(Beginning of Raw data)

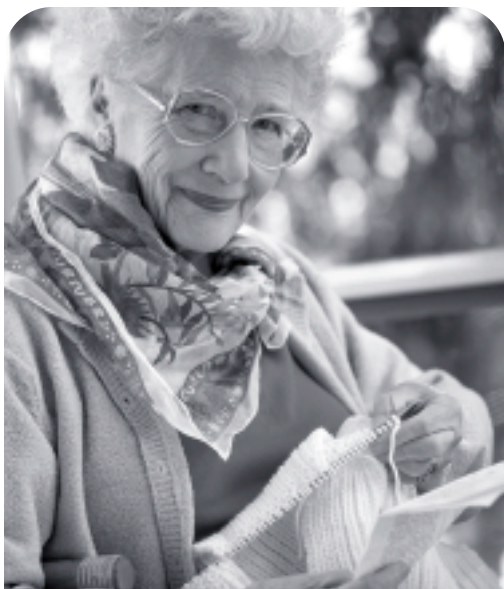
Viewing each person we serve as a unique gift of God is at the root of Diakon's faith-based care.

Because we respect all people as gifts of God, we treat all people fairly and justly regardless of their individual persuasions or lifestyles. "In response to God's love" is why we offer service.
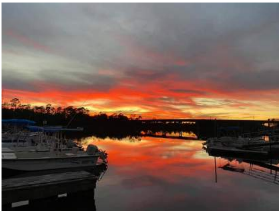
We've had beautiful endings...
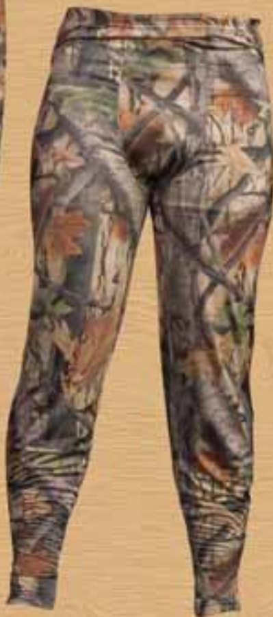
CWS71 SCENTRAP® BASE LAYER PANT (WOOD'N TRAIL®)
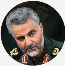
IRGC Major General Qasem Soleimani
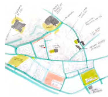
Figure-ground plan of network of public spaces in Funchal. The image represents a portion of São Pedro parish where PORTA33 is inserted.
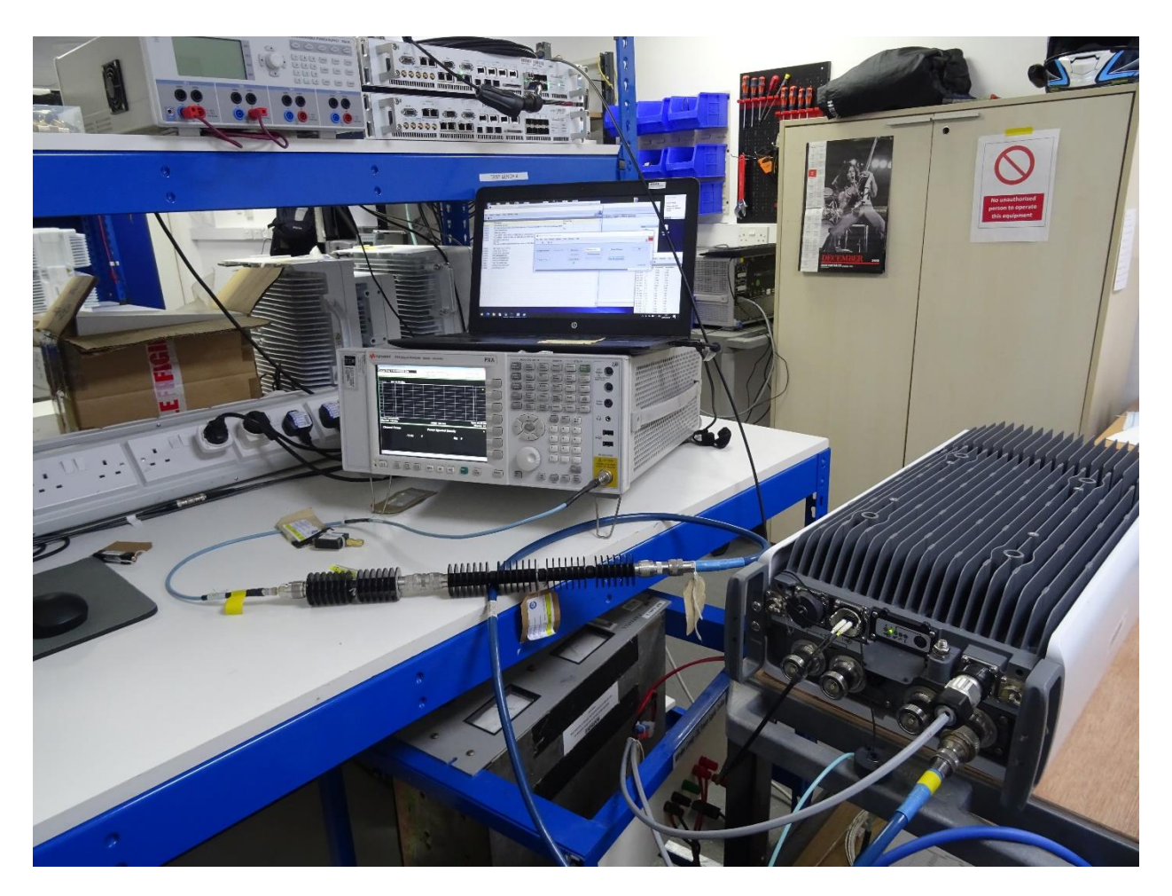
Conducted Lab Testing
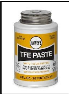
TFE Paste or Teflon Tape
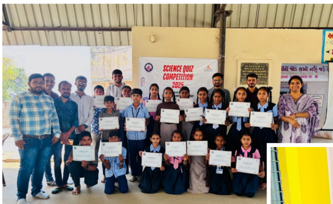
Science Quiz Competition - 2025
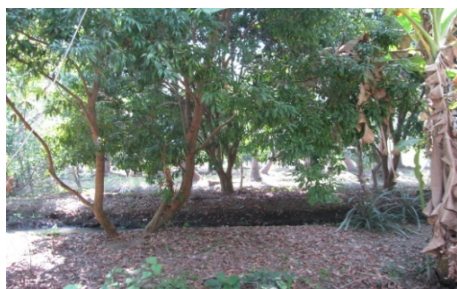
Fig. 2 The lychee orchard
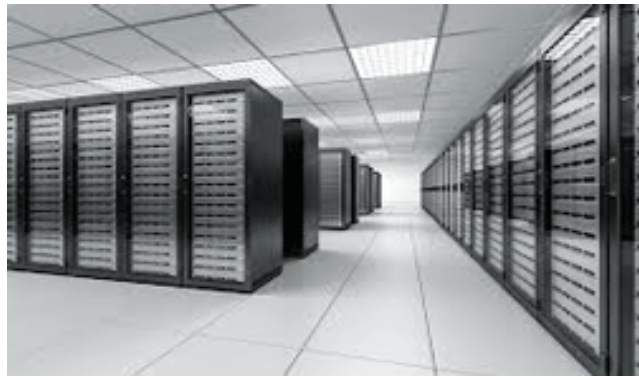
Fig.7 Stationary battery energy storage system

made power distribution engineers to think about application of battery banks in smart grid. 2018 was a remarkable year for the stationary energy storage (Fig.7).
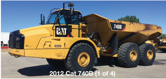
2012 Cat 740B (1 of 4)
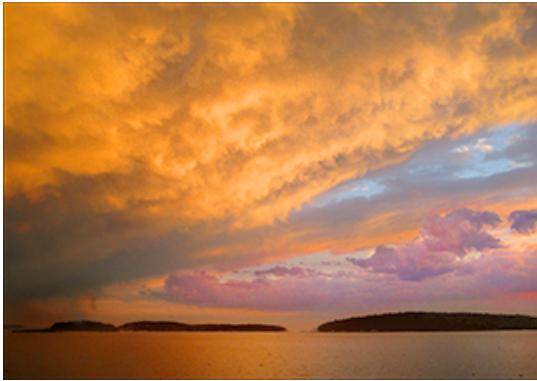
Clouds

of-focus tree branches in the background. The final image was of the Milky Way taken in Menemsha, Martha's Vineyard – astonishing to think of skies that bright in Massachusetts!
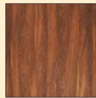
RE-3 3072 Orange Agate

(End of Raw data)

* Your task: Copy out all the data above exactly, minus the images.

* Output of the exercise:
Viewing each person we serve as a unique gift of God is at the root of Diakon's faith-based care.

Because we respect all people as gifts of God, we treat all people fairly and justly regardless of their individual persuasions or lifestyles. "In response to God's love" is why we offer service.
We've had beautiful endings...
CWS71 SCENTRAP® BASE LAYER PANT (WOOD'N TRAIL®)
IRGC Major General Qasem Soleimani
Figure-ground plan of network of public spaces in Funchal. The image represents a portion of São Pedro parish where PORTA33 is inserted.
Conducted Lab Testing
TFE Paste or Teflon Tape
Science Quiz Competition - 2025
Fig. 2 The lychee orchard
Fig.7 Stationary battery energy storage system

made power distribution engineers to think about application of battery banks in smart grid. 2018 was a remarkable year for the stationary energy storage (Fig.7).
2012 Cat 740B (1 of 4)
Clouds

of-focus tree branches in the background. The final image was of the Milky Way taken in Menemsha, Martha's Vineyard – astonishing to think of skies that bright in Massachusetts!
RE-3 3072 Orange Agate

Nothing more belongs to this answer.